Rebels in Chad say they have seized a second town in the remote northeast as they resume low-intensity hit and run operations against the government. Government officials deny reports that Chadian soldiers have ceded any control to the rebels. Phuong Tran reports from VOA's Central and West Africa Bureau in Dakar.
Rebel spokesman Makaila Nguebla with the Chad rebel group Union of Forces for Democracy and Development (UFDD) says that fighters have seized a second town in the remote northeast of Chad.
He says that the rebels' military strategy in the northeast is to exploit the remoteness of the region, which does not have many Chadian government forces. By forcing the government to shift its military resources in response to rebel activity, Nguebla says, then the rebels could eventually return to their previous military front in the east of Chad near the towns of Abeche and Biltine.
Regional analyst Adrien Feniou, with the London-based research group Global Insight, says that the UFDD's shift to the northeast is logical.

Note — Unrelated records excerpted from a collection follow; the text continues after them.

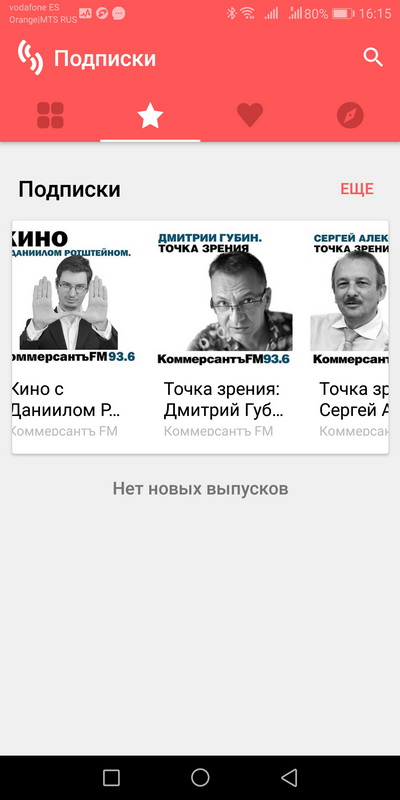 Таким способом подписываетесь на интересующие вас передачи - и они все появятся в разделе "Подписки", под ними появляются новые выпуски.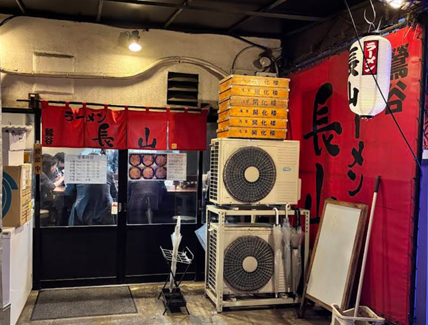 She was pointing at an open doorway with a sign in Japanese on the building above. Had she learned enough of the language to read ‘Ramen’? As we approached, I realized the kanji characters on the sign were noodles.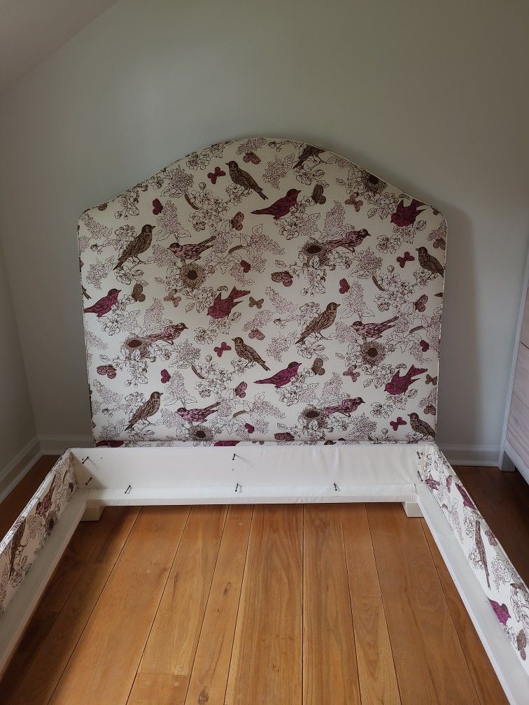 Custom made by Queen Anne Upholstery Full bed base with attached Upholstered headboard stands about 5 feet at highest point. Colors are a dark magenta, pale plum and brown on beige linen. Lilac, birds, nests, butterflies. Darling girls room focal.

"The government counteroffensive in the past two months has increased the militarization of the eastern provinces," he said. "Now that the UFDD rebels have been considerably weakened in this counteroffensive, they have chosen to attack where government control is much weaker, and therefore an easier target for rebel activity."
The British-based Royal Institute of International Affairs Africa Programs head, Alex Vines, says the rebels' growing proximity to Libya may have an impact on the two countries' relations.
He said, "I would imagine there will be more frenetic diplomatic activity."
Vines says this region has a troubled history.
"That is interesting if the rebels are positioning themselves in the north in areas that were an area of Libyan-Chadian conflict in the past," he said. "It will certainly enhance suspicion of Libya."
He says at the end of the Cold War, Libya and Chad had a dispute over the northeast, due to possible uranium wealth in that region.
Rebel spokesman, Nguebla, denies the UFDD has any support from Libya.
He says the UFDD is not concerned about Libyan intervention because the terrain in northeastern Chad is what he calls "inhospitable."
On Saturday, the rebels said they had seized the town of Ounianga Kebir, which is located between the Sudanese and Libyan borders. Chadian government officials disputed the rebel statement, saying that the rebels have since retreated to Sudan.
The rebels have pursued a low-intensity war in an effort to topple President Idriss Deby's regime, which the rebels accuse of gross corruption and human-rights abuses.